TODAY — when no blinds are drawn, few holds are barred, and infra-red rays defeat most ancient attempts at concealment — today would surely seem an opportune and benign period for literary biography. Nevertheless, the specialist’s need, the academician’s demand for all the facts, all the clues, all the conjectures tend to overshadow the larger aims and livelier pleasures of biography itself. Narrative values are as much discounted, or as much play second fiddle, in “serious” literary biography as in fiction. Is it perhaps a little strange, and even a little symptomatic, how seldom superior creative writers have attempted literary biography at all? One thinks of Moore’s Byron, Scott’s Dryden, Mrs. Gaskell’s Charlotte Bronte; thereafter, a Trollope’s Thackeray. or a Henry James’s Hawthorne, or in our own day, an Angus Wilson’s Zola is a small-scale work, predominantly critical.
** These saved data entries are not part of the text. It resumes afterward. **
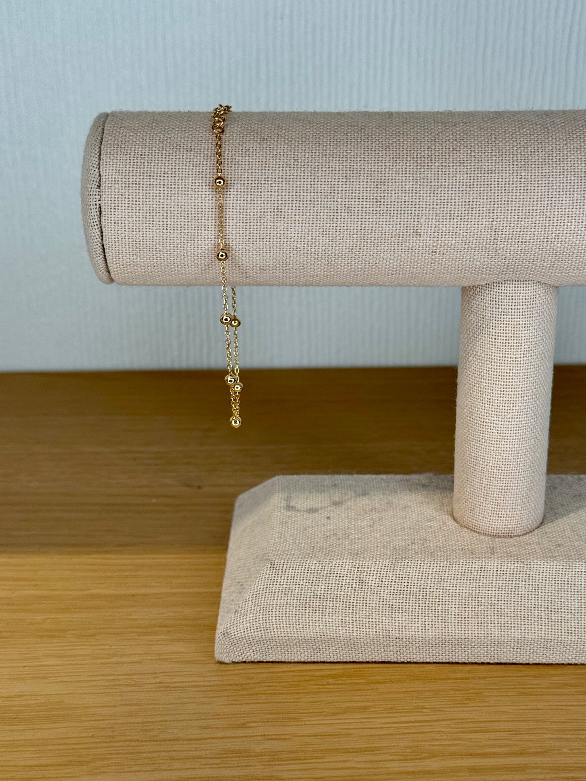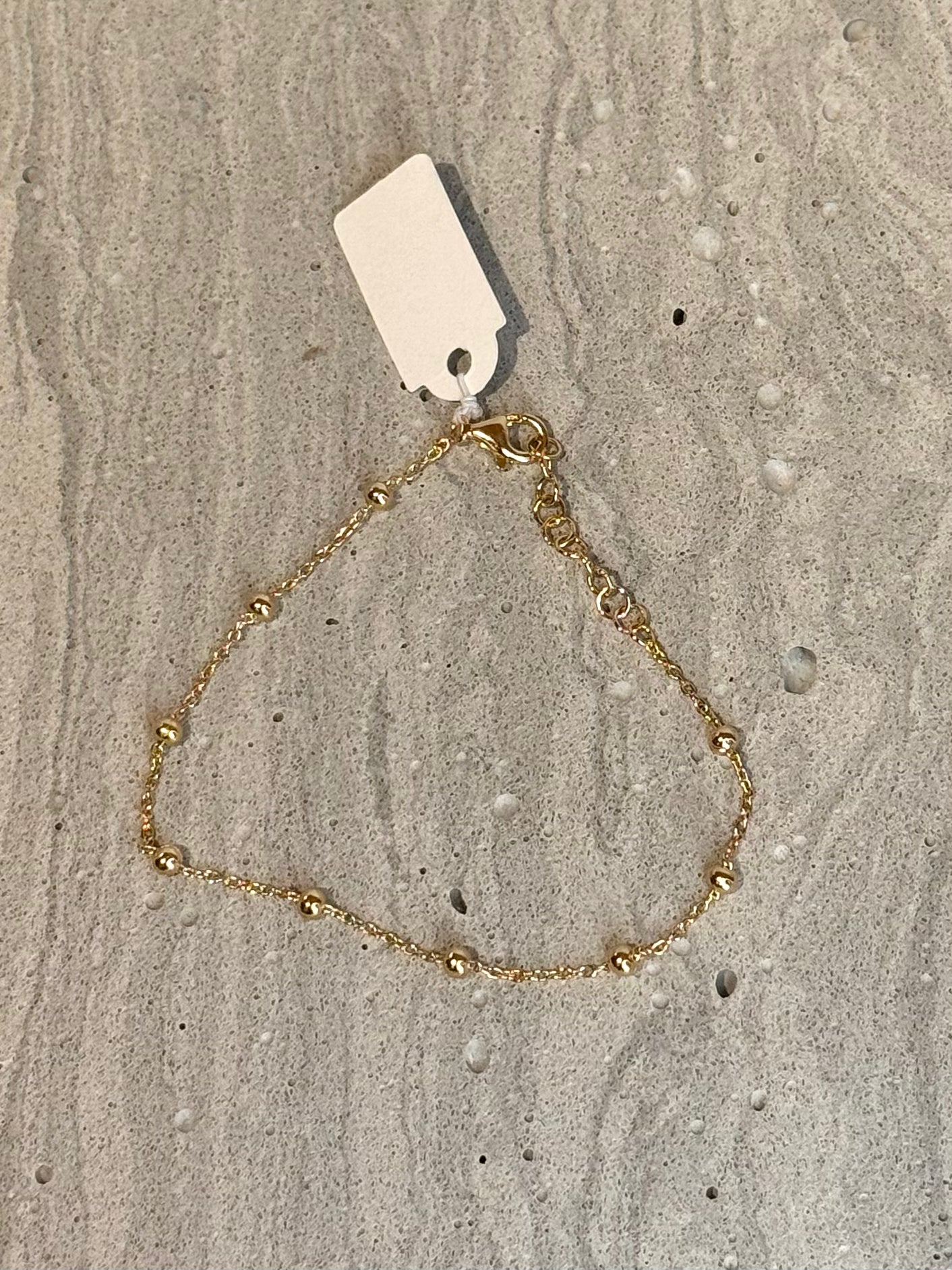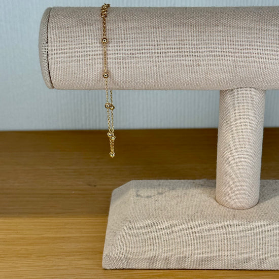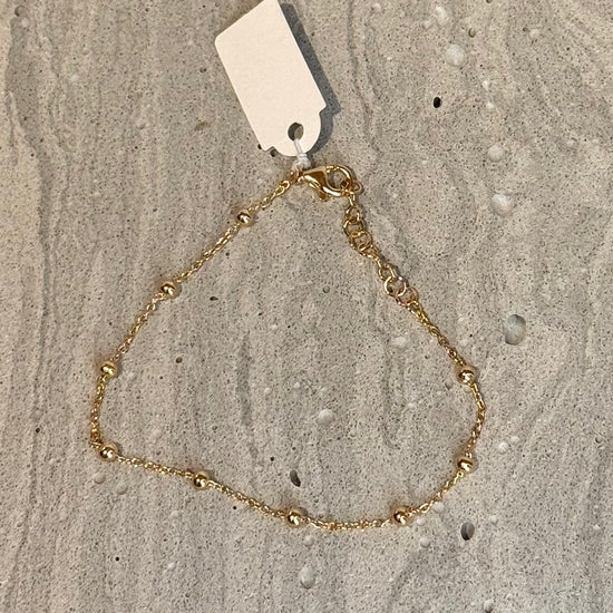 The Lucette Gold Ball Bracelet is a sterling silver, gold plated beauty. Wear it on its own to let the gold balls create a shimmer effect that catches every eye. Perfect as a great layering piece, it seamlessly complements any outfit. For a personalized touch, pair it with charms from our charm bar to craft a truly unique look. This classic necklace is both cute and versatile, making it a delightful addition to your collection.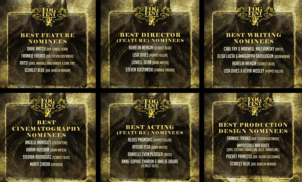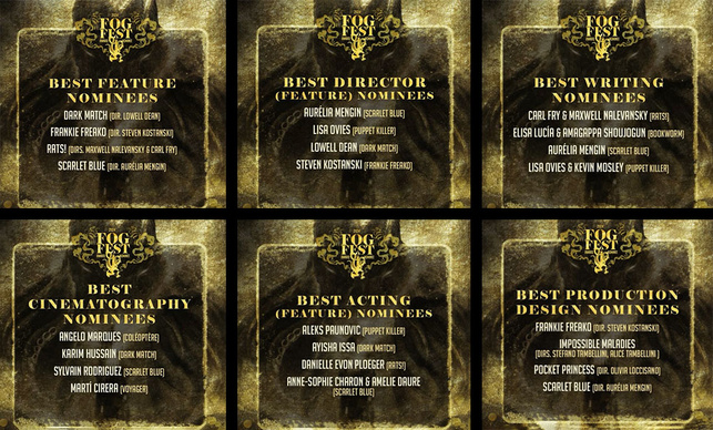 La reconnaissance internationale de SCARLET BLUE a atteint un sommet avec 6 nominations au FOGFEST, le prestigieux festival de films d'horreur de Terre-Neuve-et-Labrador, au Canada dont :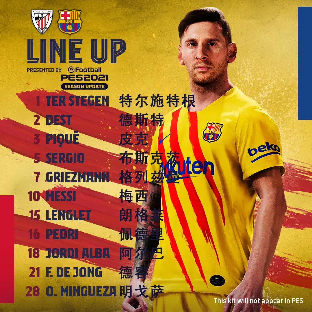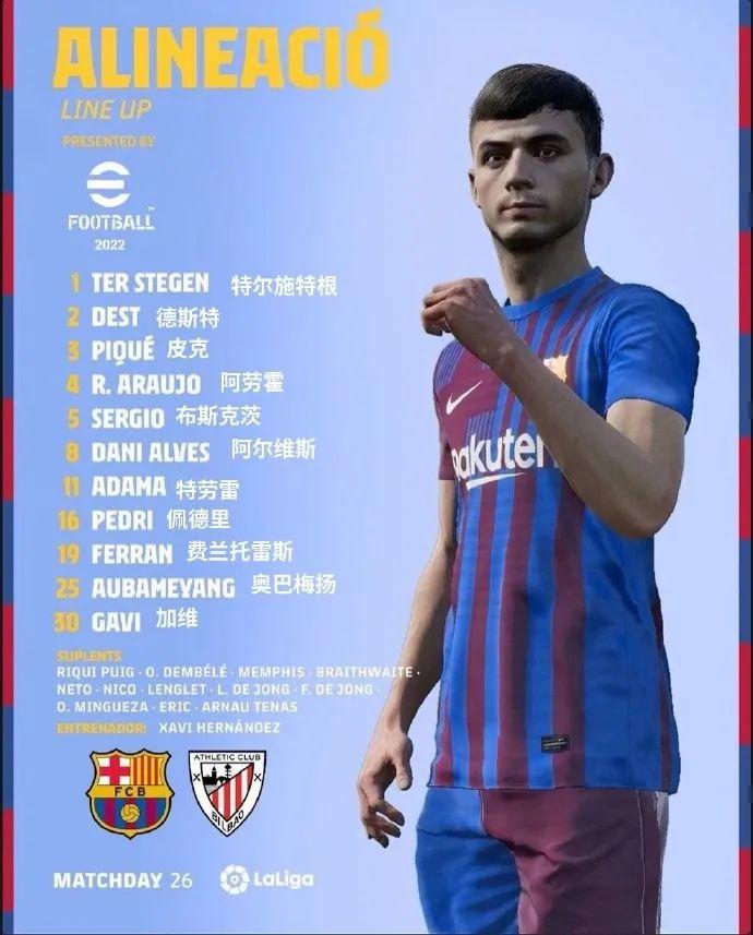 中场:5-布斯克茨,21-德容,16-佩德里(81' 27-莫里巴)

In other words, writers with the greatest gift for form and structure, storytelling and style, innovation and experiment are virtually strangers to our story. In terms of revolutionizing procedures, it is difficult to add a third name to Boswell’s and Strachey’s (unless we invoke Freud’s, for his making parentage, once a few pages in Chapter I, now motivate entire biographies). A biography would seem to take firm shape, or indeed acquire shapeliness, where it boasts a special approach or visible theme, as with A. J. A. Symons’ The Quest for Corvo, Francis Steegmuller’s Flaubert and Madame Bovary, or Justin Kaplan’s recent Mr. Clemens and Mark Twain. Otherwise, matters boil down to a number of very good biographies — the first volume of Professor Pottle’s Boswell is the latest and one of the best — all well laid out in their way, but asserting no very distinctive patterns and articulating no really instructive laws. Nor should patterns and laws much matter, provided the gifted and skillful biographer can satisfy his need to select, refine, reorder, omit in an age where the stress is all on digging up new facts, on dredging up new solutions or — better yet — new mysteries.